Conductivity resolution experiment
The human brain has a complex composition and has a low overall conductivity15, so this study aims to determine the conductivity resolution of the system to determine its sensitivity within the variation range of human brain tissue conductivity. A plastic container is fixed on a polyester foam cube (10 cm × 8 cm × 5 cm) at the center between the excitation coil and the detection coil, and each container is filled with 10 mL of one of four differently conductive liquids16,17: simulated edema fluid, simulated cerebral hemorrhage solution, physiological saline and high-concentration saline (5%). Each liquid is measured five times, and the average value is taken.

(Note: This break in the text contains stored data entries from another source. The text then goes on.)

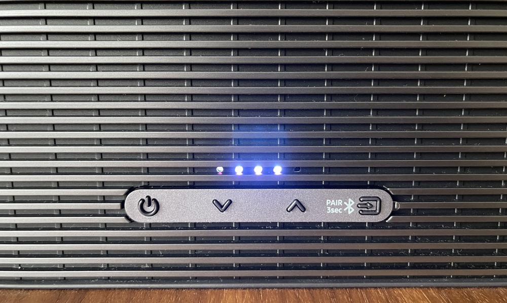 Volumen kører naturligvis via HDMI ARC, men en lille, fin fjernbetjening medfølger. Her kan du hurtigt justere basniveauet – en stor fordel de sene timer, hvor bassen hurtigt kan blive for voldsom.
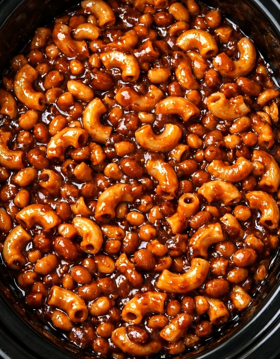 Slow Cooker 3-Ingredient Baked Bean Macaroni
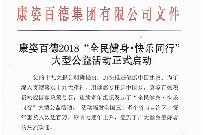康姿百德2018“全民健身?快樂(lè)同行”大型公益活動(dòng)正式啟動(dòng),公告全文如下:...
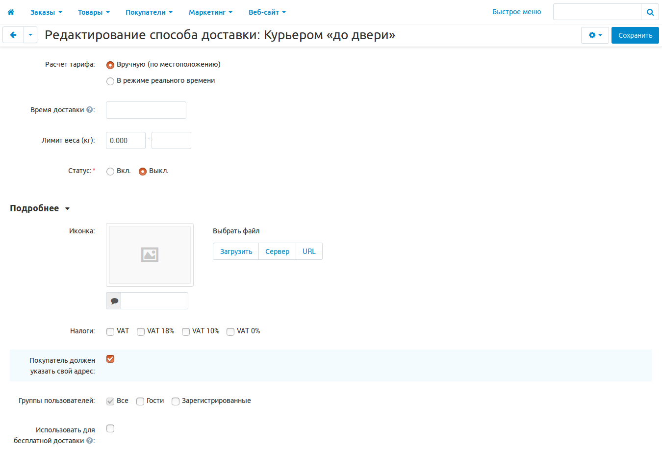 (опционально) Если хотите при нажатии на название города отображать не карту, а список городов, то укажите нужные города для списка в разделе Администрирование → Доставка и налоги → Города (геолокация).
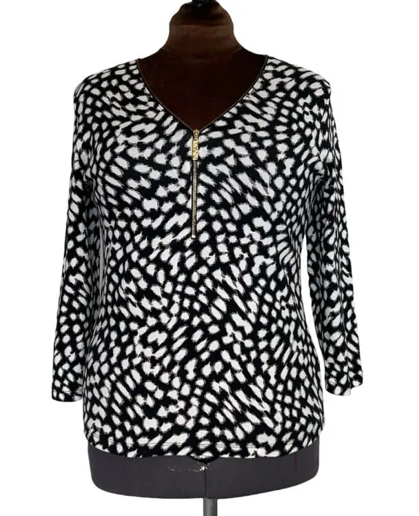 Elegant black and white blouse with abstract pattern. Features a stylish V-neck and three-quarter sl... Show more
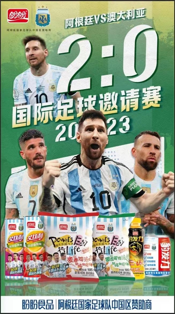 6月15日,万众瞩目的2023北京阿根廷vs澳大利亚国际足球邀请赛在北京工人体育场正式开打。梅西开场仅81秒率先进球,带领阿根廷队最终以2比0战胜澳大利亚队,阿根廷队以他们顶级的技术水平和默契的团队合作,折服了现场数万观众。盼盼食品作为阿根廷队的官方赞助商,热烈祝贺阿根廷队在亚洲巡回赛首战告捷!
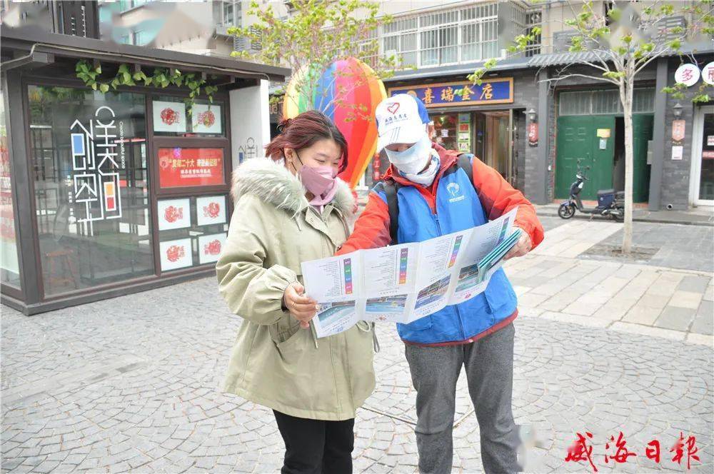 “您好,这是威海旅游导览图,威海主要景点这里都有标注,您不知道去哪玩可以看看这个。”4月30日上午,环翠区鲸园街道的志愿者孙纬坤一大早便来到属相街,为游客发放旅游导览图,提供线路问询等服务。

Design of salt water simulation experiment
This experiment simulates the production process of cerebral hemorrhage animal models and also studies the MIPS change caused by changes in the closed chamber volume. A syringe pump is used to inject the same four different conductivity liquids (simulated edema fluid, simulated cerebral hemorrhage solution, physiological saline and high-concentration saline (5%)) into the above-described plastic containers at a rate of 1 mL/min. Each liquid is measured 5 times, and the average data value is obtained.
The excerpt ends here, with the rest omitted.